Monolithic Active Pixel Sensors (MAPS) are advanced semiconductor detectors that integrate both sensing elements and signal-processing electronics onto a single silicon substrate. This integration eliminates the need for complex interconnection techniques, such as bump bonding, significantly simplifying the fabrication process. MAPS utilize standard CMOS imaging processes (example structure shown in Figure 2.3), capitalizing on mature and cost-effective manufacturing technologies initially developed for consumer electronics applications [63, 64].

One of the earliest MAPS developments for HEP was the Minimum Ionizing MOS Active Pixel Sensor (MIMOSA) [65], developed by the Hubert Curien Pluridisciplinary Institute (Institut Pluridisciplinaire Hubert Curien, IPHC) in Strasbourg, France.

Traditional MAPS detect ionizing radiation through the generation of electron-hole pairs within a thin, increased-resistivity epitaxial silicon layer that is typically of p-type doping.
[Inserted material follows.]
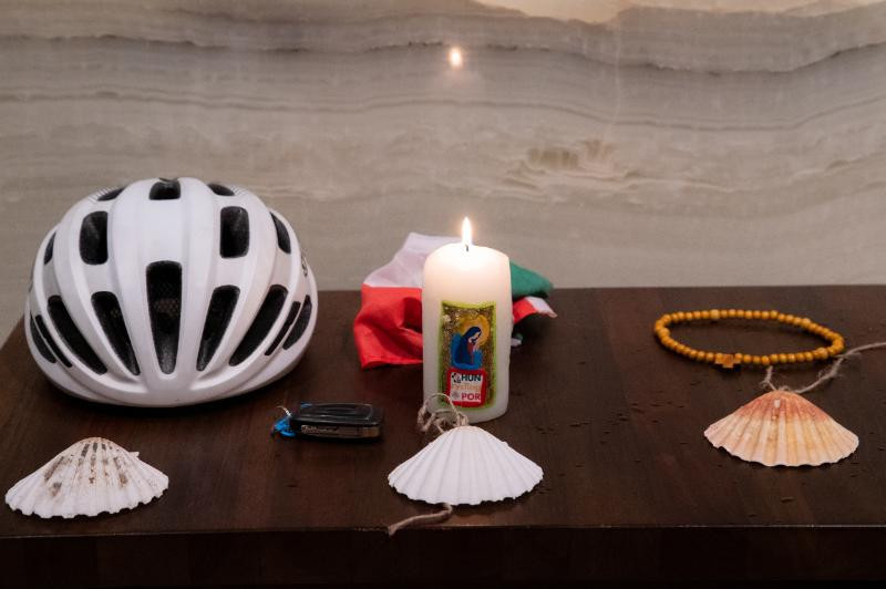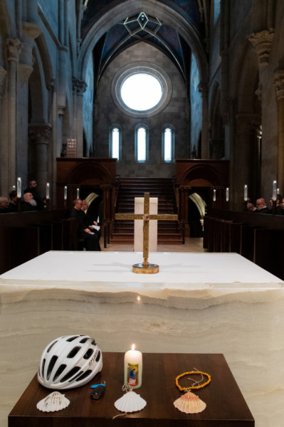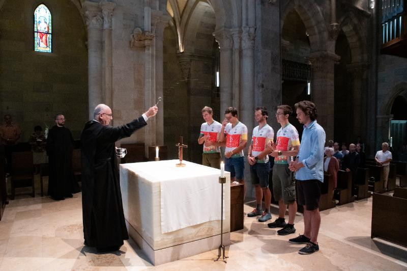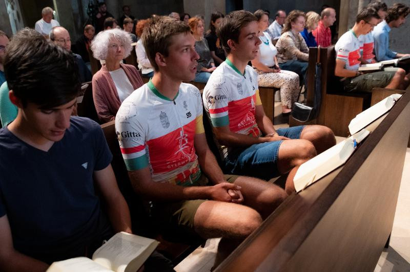 Egy-egy attribútum – Csongor a négyezer kilométeren át a biciklijén lobogó magyar zászló, Levente a kerékpáros sisakja, Andris a világtalálkozón kapott rózsafüzér, a kísérőautót vezető Áron és Barni pedig a slusszkulcs – letételével pedig jelképesen az út terhét is Isten elé helyezték, majd a bencés közösség felé fordulva, meghatódva az alábbi imával mondtak hálát:

Electrons generated by radiation diffuse towards the collection diodes integrated within each pixel, where they induce voltage signals. These signals are amplified and processed by embedded CMOS circuitry. This design facilitates compact and low-power pixel implementations with high spatial resolution capabilities.

Modern MAPS have evolved significantly by transitioning from charge collection primarily via diffusion toward drift-based mechanisms. Earlier designs relied on thermal diffusion of charge carriers in a thin epitaxial layer, resulting in slower collection times and susceptibility to radiation-induced trapping. Recent advancements introduce high-resistivity substrates, deep n-well structures, and higher bias voltages, generating internal electric fields that enable rapid drift of charge carriers toward collection electrodes [66] – the difference in structural cross section is presented in Figure 2.4. Drift-based MAPS, such as ALice PIxel DEtector (ALPIDE) [67], demonstrate enhanced temporal resolution, improved radiation hardness, and better signal integrity, making them particularly suited for modern HEP and NP experiments demanding high-speed, high-resolution, and very light particle tracking under intense radiation conditions.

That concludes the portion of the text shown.